Mind the Trade-off: Debiasing NLU Models without Degrading the In-distribution Performance

Overview

Mind the Trade-off: Debiasing NLU Models without Degrading the In-distribution Performance

Abstract: Models for natural language understanding (NLU) tasks often rely on the idiosyncratic biases of the dataset, which make them brittle against test cases outside the training distribution. Recently, several proposed debiasing methods are shown to be very effective in improving out-of-distribution performance. However, their improvements come at the expense of performance drop when models are evaluated on the in-distribution data, which contain examples with higher diversity. This seemingly inevitable trade-off may not tell us much about the changes in the reasoning and understanding capabilities of the resulting models on broader types of examples beyond the small subset represented in the out-of-distribution data. In this paper, we address this trade-off by introducing a novel debiasing method, called confidence regularization, which discourage models from exploiting biases while enabling them to receive enough incentive to learn from all the training examples. We evaluate our method on three NLU tasks and show that, in contrast to its predecessors, it improves the performance on out-of-distribution datasets (e.g., 7pp gain on HANS dataset) while maintaining the original in-distribution accuracy.

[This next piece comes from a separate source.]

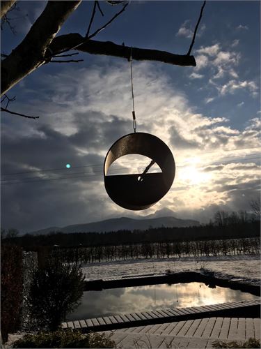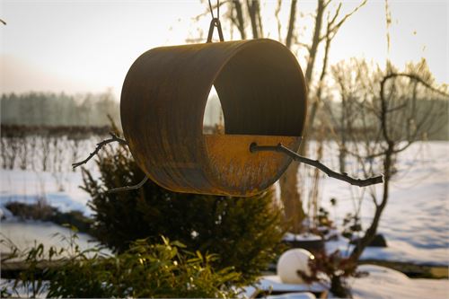 Vogelfutterhaus V165 aus Stahl – Oberfläche gerostet. Einfache Befestigung für die Vogelfutterstation mit Aufhängeöse Øca.220mm, Ohne Zubehör!

The repository contains the code to reproduce our work in debiasing NLU models without in-distribution degradation. We provide 2 runs of experiment that are shown in our paper:

  1. Debias MNLI model from syntactic bias and evaluate on HANS as the out-of-distribution data.
  2. Debias MNLI model from hypothesis-only bias and evaluate on MNLI-hard sets as the out-of-distribution data.

Requirements

The code requires python >= 3.6 and pytorch >= 1.1.0.

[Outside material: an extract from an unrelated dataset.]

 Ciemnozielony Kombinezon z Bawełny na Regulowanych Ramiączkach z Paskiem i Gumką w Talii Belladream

Additional required dependencies can be found in requirements.txt. Install all requirements by running:

pip install -r requirements.txt

Data

Our experiments use MNLI dataset version provided by GLUE benchmark. Download the file from here, and unzip under the directory ./dataset Additionally download the following files here for evaluating on hard/easy splits of both MNLI dev and test sets. The dataset directory should be structured as the following:

└── dataset 
    └── MNLI
        ├── train.tsv
        ├── dev_matched.tsv
        ├── dev_mismatched.tsv
        ├── dev_mismatched.tsv
        ├── dev_matched_easy.tsv
        ├── dev_matched_hard.tsv
        ├── dev_mismatched_easy.tsv
        ├── dev_mismatched_hard.tsv
        ├── multinli_hard
        │   ├── multinli_0.9_test_matched_unlabeled_hard.jsonl
        │   └── multinli_0.9_test_mismatched_unlabeled_hard.jsonl
        ├── multinli_test
        │   ├── multinli_0.9_test_matched_unlabeled.jsonl
        │   └── multinli_0.9_test_mismatched_unlabeled.jsonl
        └── original

Running the experiments

For each evaluation setting, use the --mode and --which_bias arguments to set the appropriate loss function and the type of bias to mitigate (e.g, hans, hypo).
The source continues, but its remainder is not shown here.